Instructions to follow:
Retype, word for word, every line of the records below starting at the one that contains "本次赛事共有132所参赛院校" and ending at the one that contains "Не забудьте в"; include both of those lines and nothing more.

Data extracts:
>>>

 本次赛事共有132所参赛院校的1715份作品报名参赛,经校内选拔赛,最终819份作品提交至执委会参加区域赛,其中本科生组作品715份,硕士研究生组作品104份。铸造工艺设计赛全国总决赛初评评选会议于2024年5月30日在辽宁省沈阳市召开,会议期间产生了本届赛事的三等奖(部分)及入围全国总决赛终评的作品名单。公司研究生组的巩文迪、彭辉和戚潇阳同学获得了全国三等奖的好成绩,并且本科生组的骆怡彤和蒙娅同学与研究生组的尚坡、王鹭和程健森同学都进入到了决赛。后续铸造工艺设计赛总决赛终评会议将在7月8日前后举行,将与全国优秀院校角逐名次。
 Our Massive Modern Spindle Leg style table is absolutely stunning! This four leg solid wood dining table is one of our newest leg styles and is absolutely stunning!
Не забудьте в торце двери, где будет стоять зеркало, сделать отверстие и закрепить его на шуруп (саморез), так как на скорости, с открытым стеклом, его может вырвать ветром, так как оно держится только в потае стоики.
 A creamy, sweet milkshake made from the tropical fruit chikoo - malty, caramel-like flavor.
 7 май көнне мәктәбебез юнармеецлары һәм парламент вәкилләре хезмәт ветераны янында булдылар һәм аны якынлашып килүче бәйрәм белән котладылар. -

<<<
>>>

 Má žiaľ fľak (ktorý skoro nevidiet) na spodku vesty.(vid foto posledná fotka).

<<<

Answer space:
 本次赛事共有132所参赛院校的1715份作品报名参赛,经校内选拔赛,最终819份作品提交至执委会参加区域赛,其中本科生组作品715份,硕士研究生组作品104份。铸造工艺设计赛全国总决赛初评评选会议于2024年5月30日在辽宁省沈阳市召开,会议期间产生了本届赛事的三等奖(部分)及入围全国总决赛终评的作品名单。公司研究生组的巩文迪、彭辉和戚潇阳同学获得了全国三等奖的好成绩,并且本科生组的骆怡彤和蒙娅同学与研究生组的尚坡、王鹭和程健森同学都进入到了决赛。后续铸造工艺设计赛总决赛终评会议将在7月8日前后举行,将与全国优秀院校角逐名次。
 Our Massive Modern Spindle Leg style table is absolutely stunning! This four leg solid wood dining table is one of our newest leg styles and is absolutely stunning!
Не забудьте в торце двери, где будет стоять зеркало, сделать отверстие и закрепить его на шуруп (саморез), так как на скорости, с открытым стеклом, его может вырвать ветром, так как оно держится только в потае стоики.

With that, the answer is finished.